The Self-Improving Prompt Loop: How Telemetry Closes the Gap Between Good and Great

Here's an uncomfortable truth about AI systems: nobody knows which prompts are working and which aren't.

You write a prompt. You deploy it. Users interact with it. Some responses are great, some are mediocre, some are actively harmful. But you have no systematic visibility into prompt performance because the telemetry doesn't exist. The prompt was a string. It went in. Something came out. The string was forgotten.

HUMΛN's prompt management system changes this fundamentally. Every prompt has identity. Every LLM call records which prompts were used. Feedback signals flow back. Performance data accumulates. And a dedicated agent — the Prompt Refinement Agent — monitors everything and proposes improvements.

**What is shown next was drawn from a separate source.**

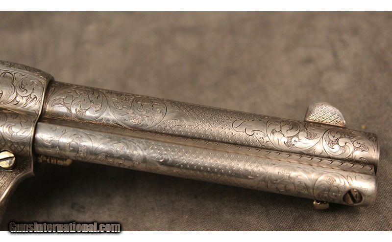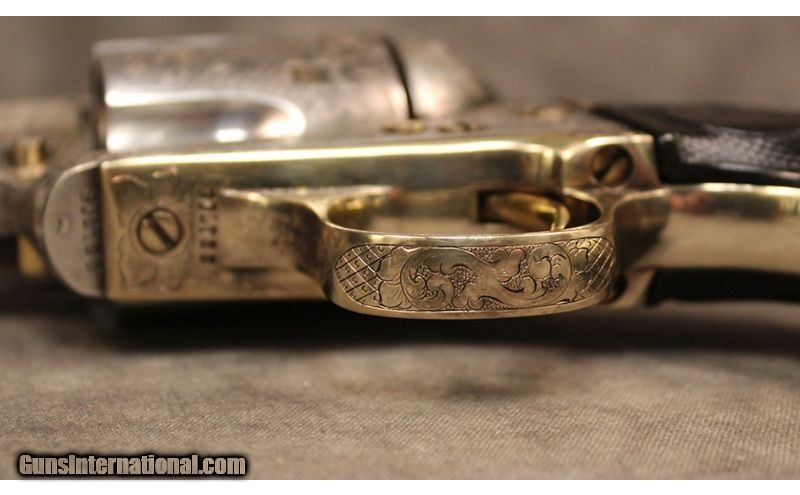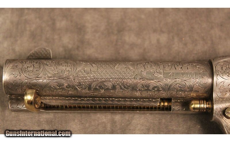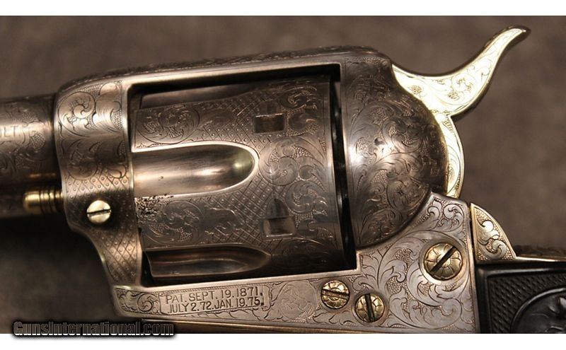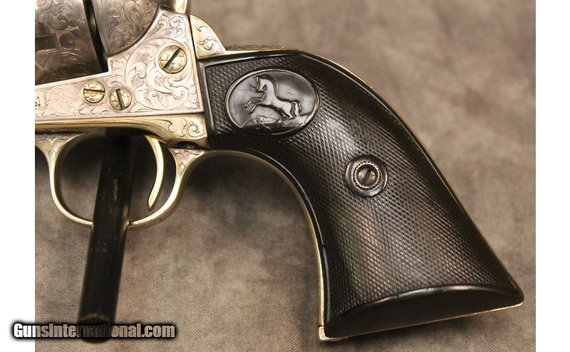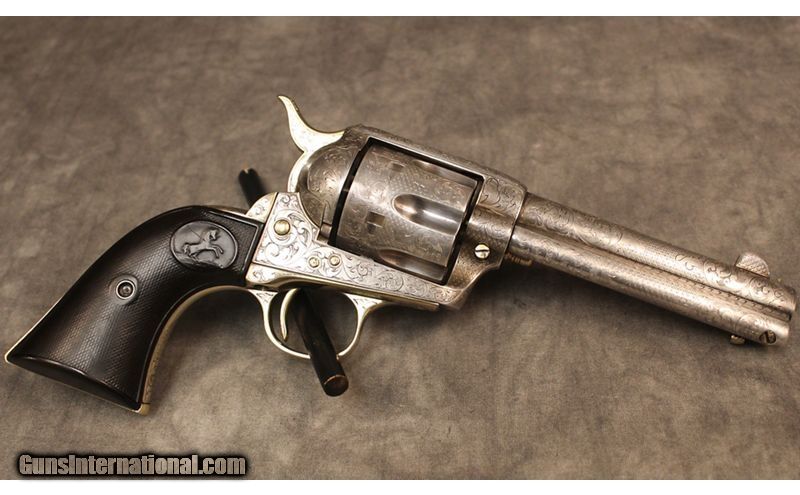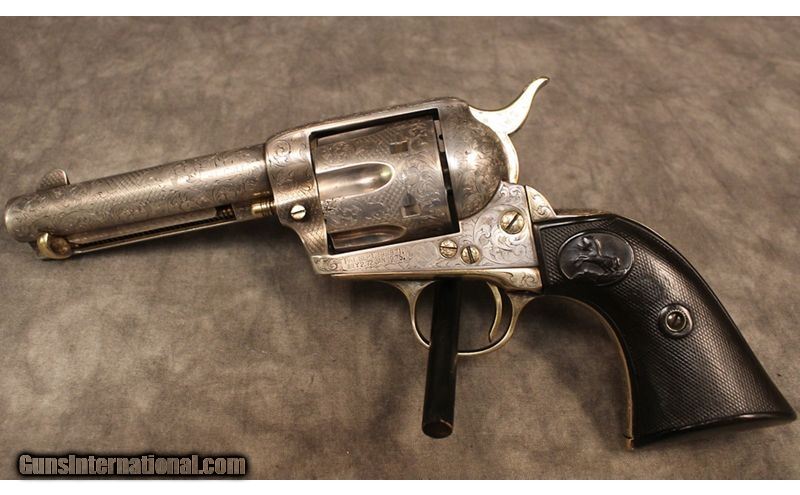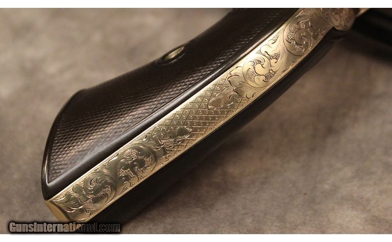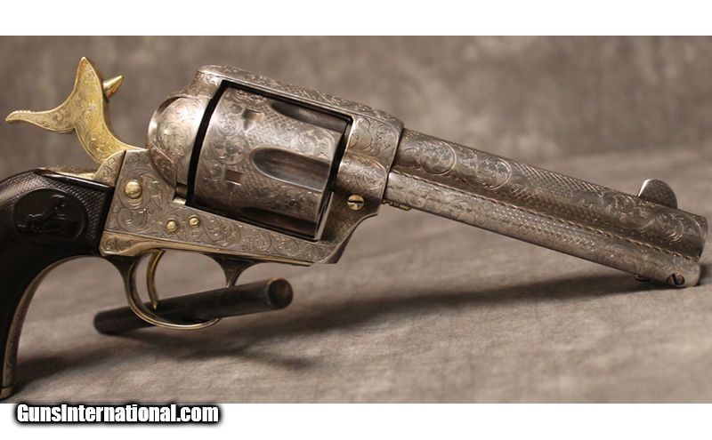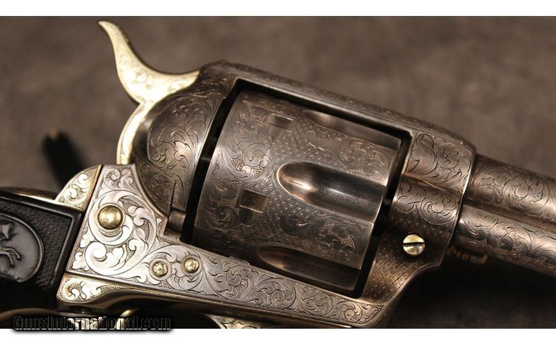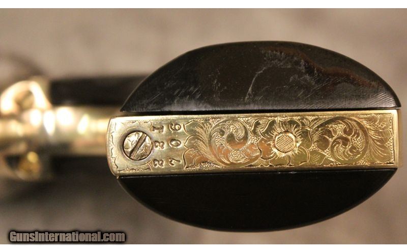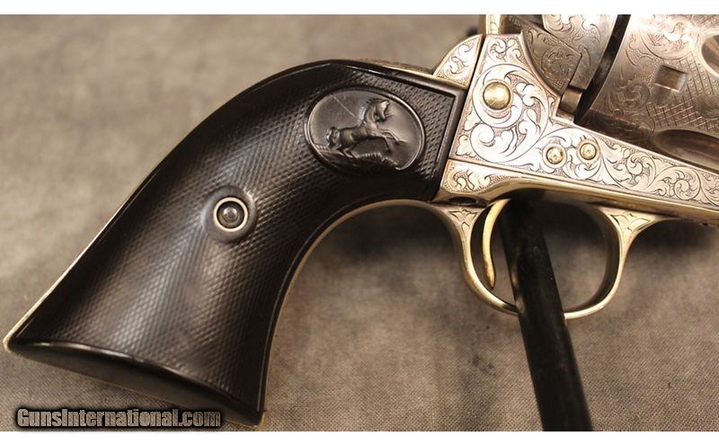 Description: Very nice 1902 Colt Single Action Army first generation chambered for .41 Long colt. Masterfully engraved and signed by L. Foster, with exceptional details and gold-plated grip frame, trigger, and hammer. Intricate scroll work and styling on most surfaces. .41 Long Colt SOLD Curio/Relic: Yes Metal Condition: Very Good Bore Condition: Very Good Barrels: 4.75 Weight: 2.2lbs Item Location: Broken Arrow, OK |

This is the self-improving prompt loop. It's protocol-level. It's evidence-based. And it keeps humans in the loop for every decision that matters.

The Observability Gap

To understand why this matters, consider what's invisible in a typical AI system:

Which prompts are used most? No idea. They're inline strings without identity.
Which prompts cost the most? Unknown. Token consumption isn't tracked per prompt.
Which prompts produce the best results? Unknowable. There's no feedback mechanism.
Which model works best for which prompt? Nobody's measuring. Models are assigned statically.
When a prompt degrades, how do you know? You don't. Until users complain.

This isn't a tooling problem. It's an architectural problem. Without prompt identity, there's nothing to observe. Without telemetry, there's nothing to improve. Without a feedback loop, improvement is manual, ad-hoc, and slow.

Protocol-Level Prompt Telemetry

In HUMΛN's HAIO protocol, prompt telemetry is a MARA (Multi-Agent Runtime Architecture) concern. It's not a Companion feature. It's not an add-on. Every agent that uses ctx.prompts automatically participates in the telemetry pipeline.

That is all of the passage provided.